Índia emite alerta nacional após surto de vírus Nipah em Bengala Ocidental

5 casos confirmados, incluindo profissionais de saúde.

Calcutá, Índia – Autoridades de saúde indianas ativaram um alerta nacional nesta semana após a confirmação de cinco casos do raro e letal vírus Nipah (NiV) no estado de Bengala Ocidental, no leste do país.

Dois dos infectados são profissionais de saúde – uma médica e uma enfermeira –, o que elevou o nível de preocupação e levou ao isolamento de quase 100 pessoas em quarentena. Hospitais na capital estadual, Calcutá, operam em regime de alerta máximo, com testes rápidos e protocolos rigorosos de contenção.

O surto atual, detectado em meados de janeiro de 2026, reacende temores globais sobre o Nipah, um vírus zoonótico classificado pela Organização Mundial da Saúde (OMS) como de “prioridade absoluta” para pesquisa e desenvolvimento de vacinas. Sem vacina ou tratamento específico disponível, a doença depende apenas de cuidados de suporte, e sua taxa de mortalidade varia de 40% a 75%, superando a de muitos patógenos recentes como o Ebola ou o Covid-19 em surtos iniciais.

O que é o vírus Nipah e por que ele assusta tanto?

Descoberto em 1998 na Malásia, durante um surto que matou mais de 100 pessoas e dizimou plantações de suínos, o Nipah é transmitido principalmente por morcegos frugívoros (como a raposa-voadora), que são seus reservatórios naturais. A contaminação humana ocorre por contato com fluidos infectados de morcegos, porcos ou, em raros casos, de pessoa para pessoa em ambientes hospitalares superlotados.

Seu perfil agressivo o torna “assustador”: o período de incubação varia de 4 a 21 dias, e os sintomas iniciais mimetizam uma gripe comum – febre alta, dor de cabeça intensa, dores musculares e fadiga extrema. Rapidamente, evolui para problemas respiratórios graves (como pneumonia) e, no pior cenário, encefalite aguda: inflamação cerebral que provoca confusão mental, convulsões, coma e morte.
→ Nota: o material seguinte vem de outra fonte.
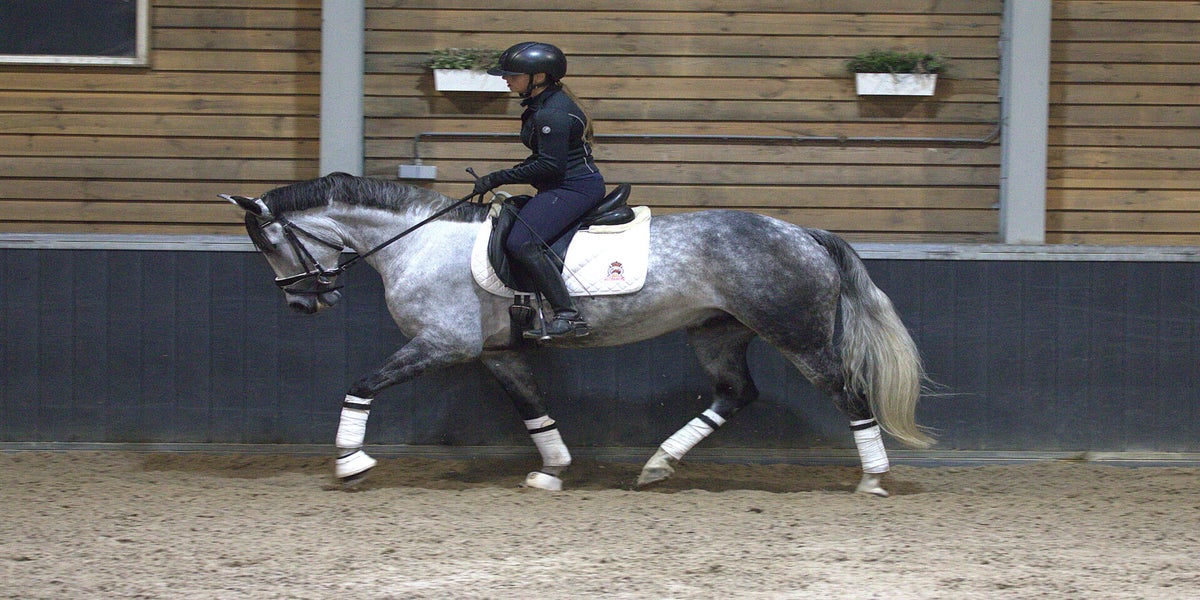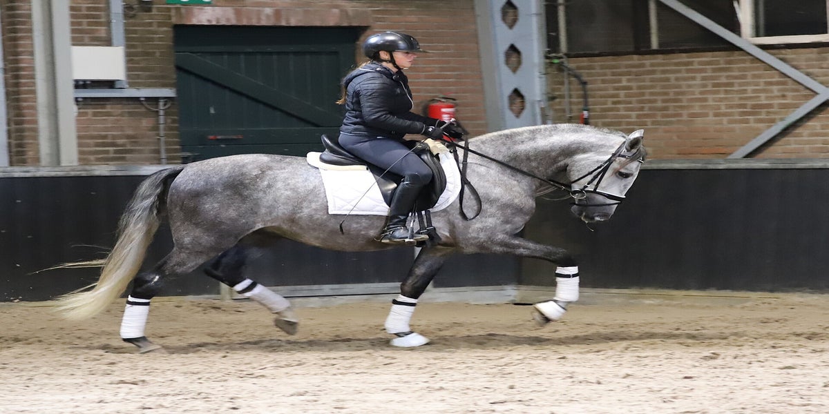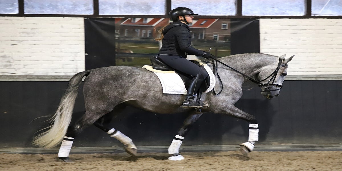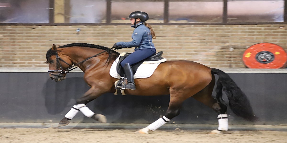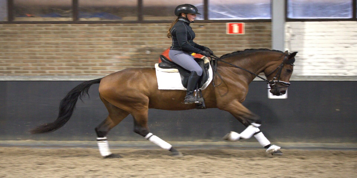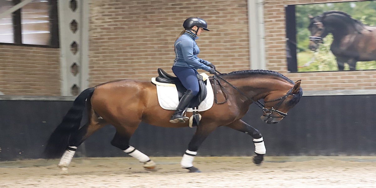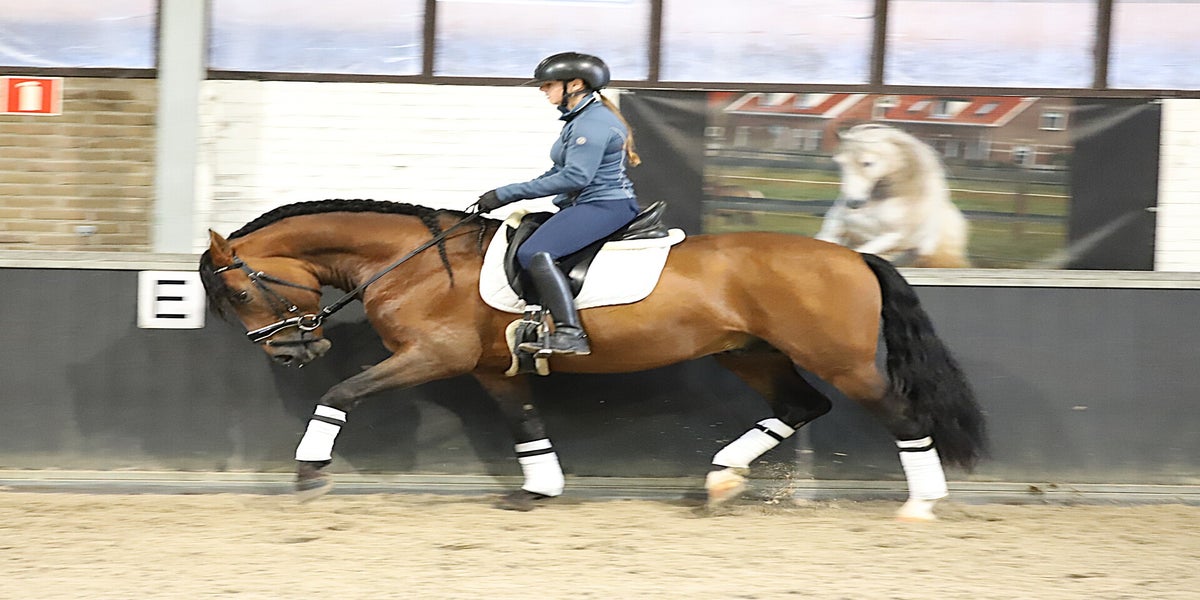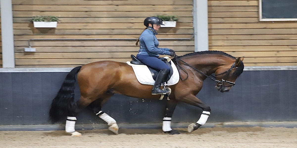 Onder het zadel laat hij al veel talent zien: een ruime, krachtige stap met veel losheid door het hele lijf. De basis beheerst hij en hij wordt rustig verder doorgetraind om aan conditie en bespiering te werken.

“É um vírus silencioso no início, mas devastador no pico”, alerta o Centro de Controle e Prevenção de Doenças (CDC) dos EUA.

Histórico de surtos e resposta atual na Índia

A Índia registra surtos esporádicos desde 2001, principalmente em Kerala (sul) e agora Bengala Ocidental. Em 2018, Kerala teve 17 mortes em 19 casos confirmados. Desta vez, o Ministério da Saúde indiano coordena com a OMS: rastreamento de contatos, uso de EPIs avançados e suspensão de visitas em hospitais afetados.

“Estamos trabalhando contra o tempo para evitar uma propagação urbana”, disse um porta-voz do governo de Bengala Ocidental.Globalmente, a OMS monitora de perto, pois o Nipah tem potencial pandêmico – já infectou humanos em Bangladesh anualmente desde 2001, com mais de 300 casos e 70% de letalidade.

Risco para o Brasil e o mundo?

Especialistas consultados pela BBC News Brasil, como o virologista brasileiro Pedro Vasconcelos (Instituto Evandro Chagas), minimizam o risco imediato de chegada ao Brasil.

“A transmissão é limitada a contatos próximos com reservatórios ou casos graves, e não há voos diretos massivos de Calcutá para cá. A probabilidade de disseminação rápida é baixa”, afirma.

No entanto, recomendam vigilância: o Brasil tem morcegos semelhantes na Amazônia, e importações de frutas asiáticas poderiam ser um vetor teórico.

A Anvisa e o Ministério da Saúde brasileiro já foram notificados via rede global de alertas da OMS.

“Fique em alerta, mas sem pânico: higiene, evitar frutas caídas e monitorar sintomas gripais em viajantes da Ásia são medidas chave”, orienta Vasconcelos.

Enquanto vacinas experimentais avançam em testes (como a da CEPI, com fase 2 prevista para 2026), o mundo observa a Índia. Este surto reforça a necessidade de investimentos em zoonoses – lição dura da pandemia de Covid-19.